» **Work instructions**:
Stop after the line holding "RESULTS: International Women’s". Repeat exactly every line before it in the records below, that line too, and leave out the pictures.

» **Data extracted from a collection**:
****************************************
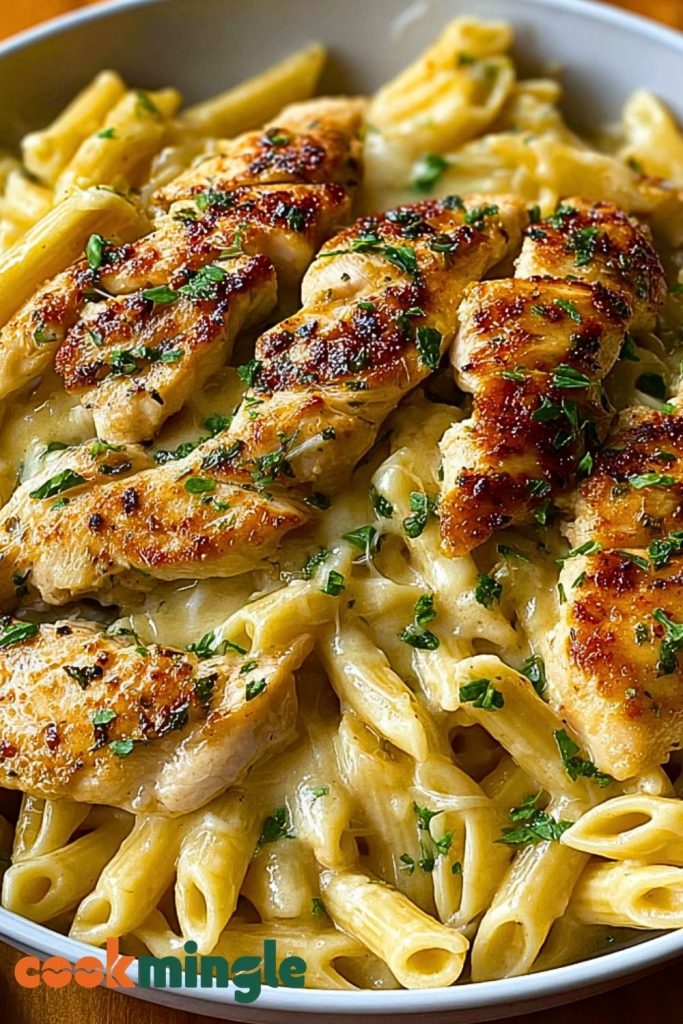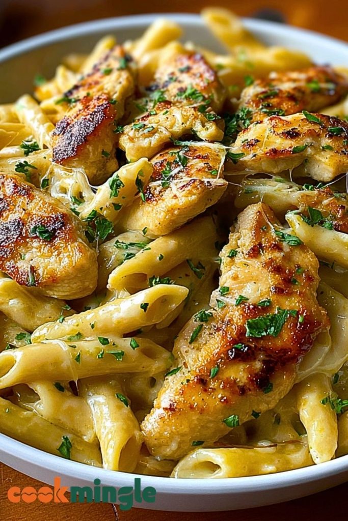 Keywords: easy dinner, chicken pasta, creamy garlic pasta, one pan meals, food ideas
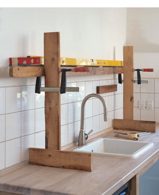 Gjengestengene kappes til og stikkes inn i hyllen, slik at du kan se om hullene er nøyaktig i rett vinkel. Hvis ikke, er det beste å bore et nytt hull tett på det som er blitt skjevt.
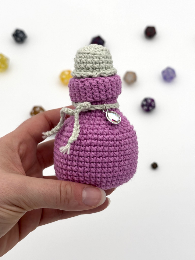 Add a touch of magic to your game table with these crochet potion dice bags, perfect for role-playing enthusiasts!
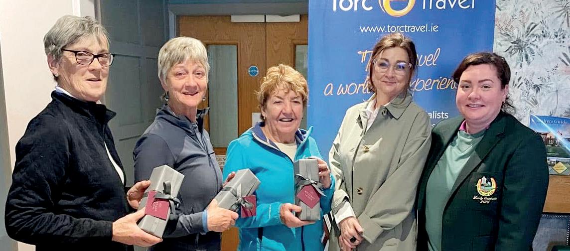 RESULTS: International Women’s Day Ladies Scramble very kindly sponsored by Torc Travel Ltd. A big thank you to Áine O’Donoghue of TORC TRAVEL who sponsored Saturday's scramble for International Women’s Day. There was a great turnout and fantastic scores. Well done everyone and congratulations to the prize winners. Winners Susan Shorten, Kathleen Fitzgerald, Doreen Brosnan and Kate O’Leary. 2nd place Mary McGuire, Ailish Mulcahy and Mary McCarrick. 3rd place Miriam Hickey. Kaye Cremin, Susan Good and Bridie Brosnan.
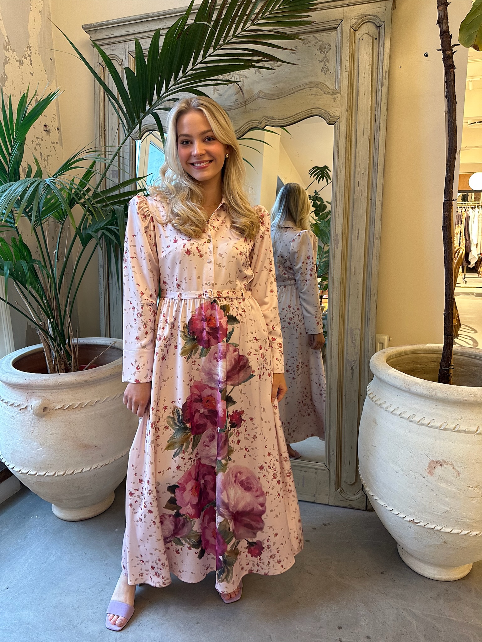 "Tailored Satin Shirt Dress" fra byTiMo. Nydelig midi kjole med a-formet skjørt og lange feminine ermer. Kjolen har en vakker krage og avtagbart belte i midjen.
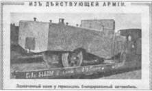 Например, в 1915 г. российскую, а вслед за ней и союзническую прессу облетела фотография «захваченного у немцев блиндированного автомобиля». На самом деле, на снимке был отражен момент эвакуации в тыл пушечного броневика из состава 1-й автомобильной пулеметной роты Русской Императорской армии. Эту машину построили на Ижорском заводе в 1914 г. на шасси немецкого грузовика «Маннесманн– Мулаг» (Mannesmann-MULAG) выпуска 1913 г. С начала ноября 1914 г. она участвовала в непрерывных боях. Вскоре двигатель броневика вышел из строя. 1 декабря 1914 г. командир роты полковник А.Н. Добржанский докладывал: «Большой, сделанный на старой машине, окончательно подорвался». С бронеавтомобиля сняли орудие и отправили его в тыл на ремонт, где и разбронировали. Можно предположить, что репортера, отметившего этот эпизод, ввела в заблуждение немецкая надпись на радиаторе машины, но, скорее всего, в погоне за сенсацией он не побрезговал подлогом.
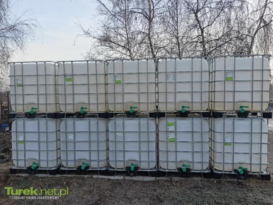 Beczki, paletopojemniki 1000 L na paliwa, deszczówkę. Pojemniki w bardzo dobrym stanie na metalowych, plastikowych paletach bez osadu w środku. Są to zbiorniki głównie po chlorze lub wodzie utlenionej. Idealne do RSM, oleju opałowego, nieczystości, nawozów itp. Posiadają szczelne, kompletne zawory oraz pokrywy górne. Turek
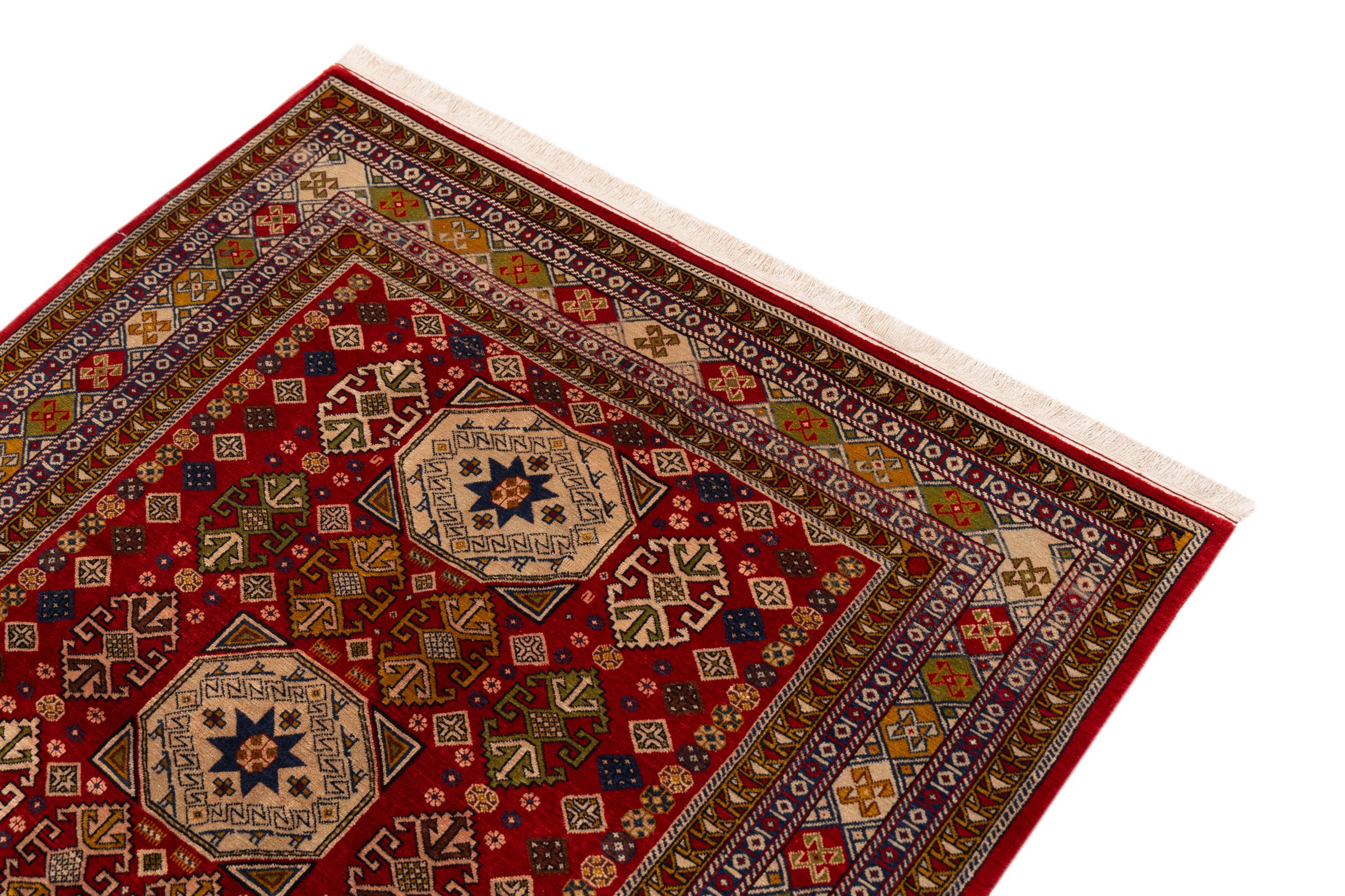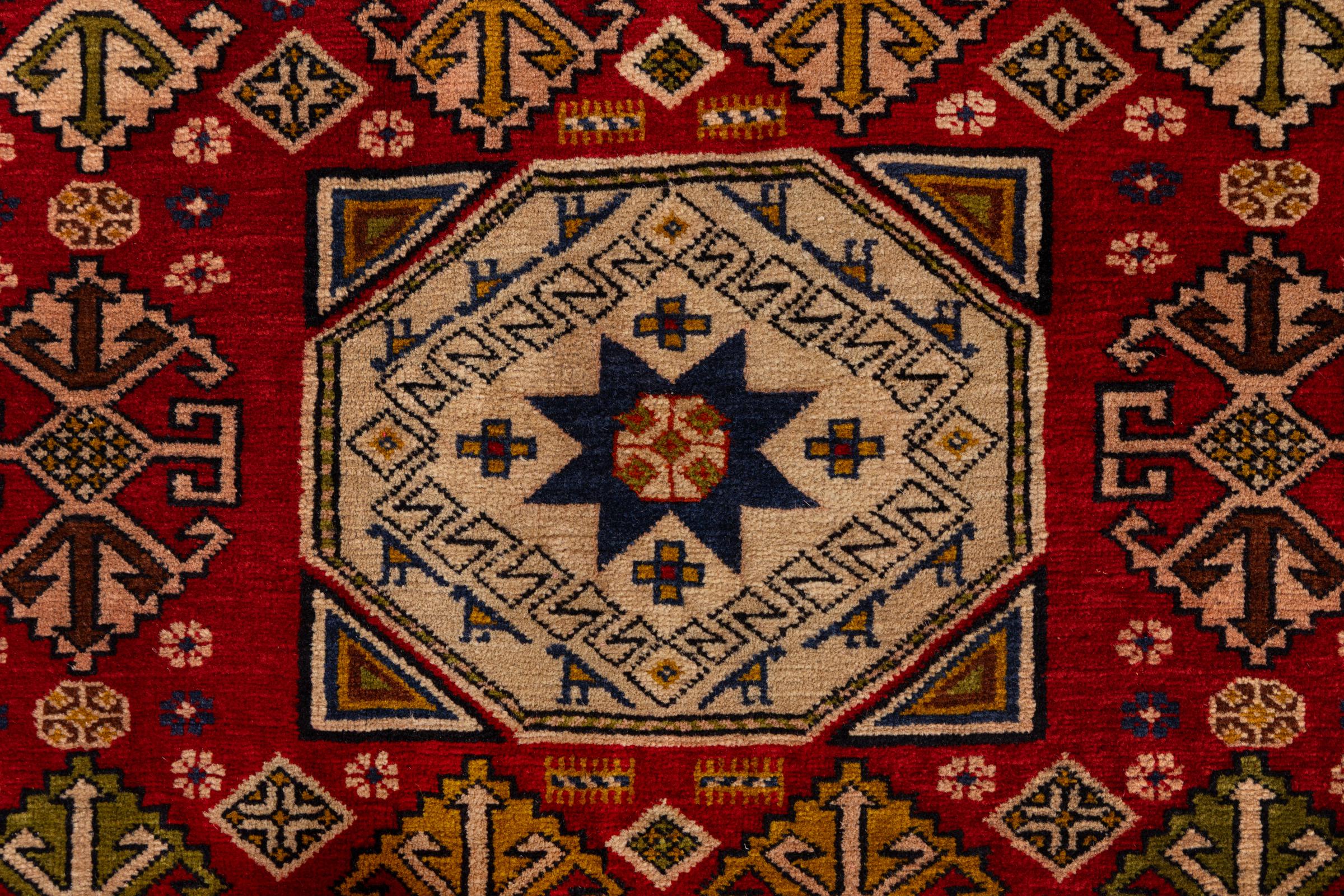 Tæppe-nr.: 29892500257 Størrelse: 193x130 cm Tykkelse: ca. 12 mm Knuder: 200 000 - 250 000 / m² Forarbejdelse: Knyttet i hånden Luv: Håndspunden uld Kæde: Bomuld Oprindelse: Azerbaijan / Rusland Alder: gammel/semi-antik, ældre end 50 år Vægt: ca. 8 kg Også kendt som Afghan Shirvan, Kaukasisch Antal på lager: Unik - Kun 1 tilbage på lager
****************************************
» **Answer for the task**:
 Keywords: easy dinner, chicken pasta, creamy garlic pasta, one pan meals, food ideas
 Gjengestengene kappes til og stikkes inn i hyllen, slik at du kan se om hullene er nøyaktig i rett vinkel. Hvis ikke, er det beste å bore et nytt hull tett på det som er blitt skjevt.
 Add a touch of magic to your game table with these crochet potion dice bags, perfect for role-playing enthusiasts!
 RESULTS: International Women’s Day Ladies Scramble very kindly sponsored by Torc Travel Ltd. A big thank you to Áine O’Donoghue of TORC TRAVEL who sponsored Saturday's scramble for International Women’s Day. There was a great turnout and fantastic scores. Well done everyone and congratulations to the prize winners. Winners Susan Shorten, Kathleen Fitzgerald, Doreen Brosnan and Kate O’Leary. 2nd place Mary McGuire, Ailish Mulcahy and Mary McCarrick. 3rd place Miriam Hickey. Kaye Cremin, Susan Good and Bridie Brosnan.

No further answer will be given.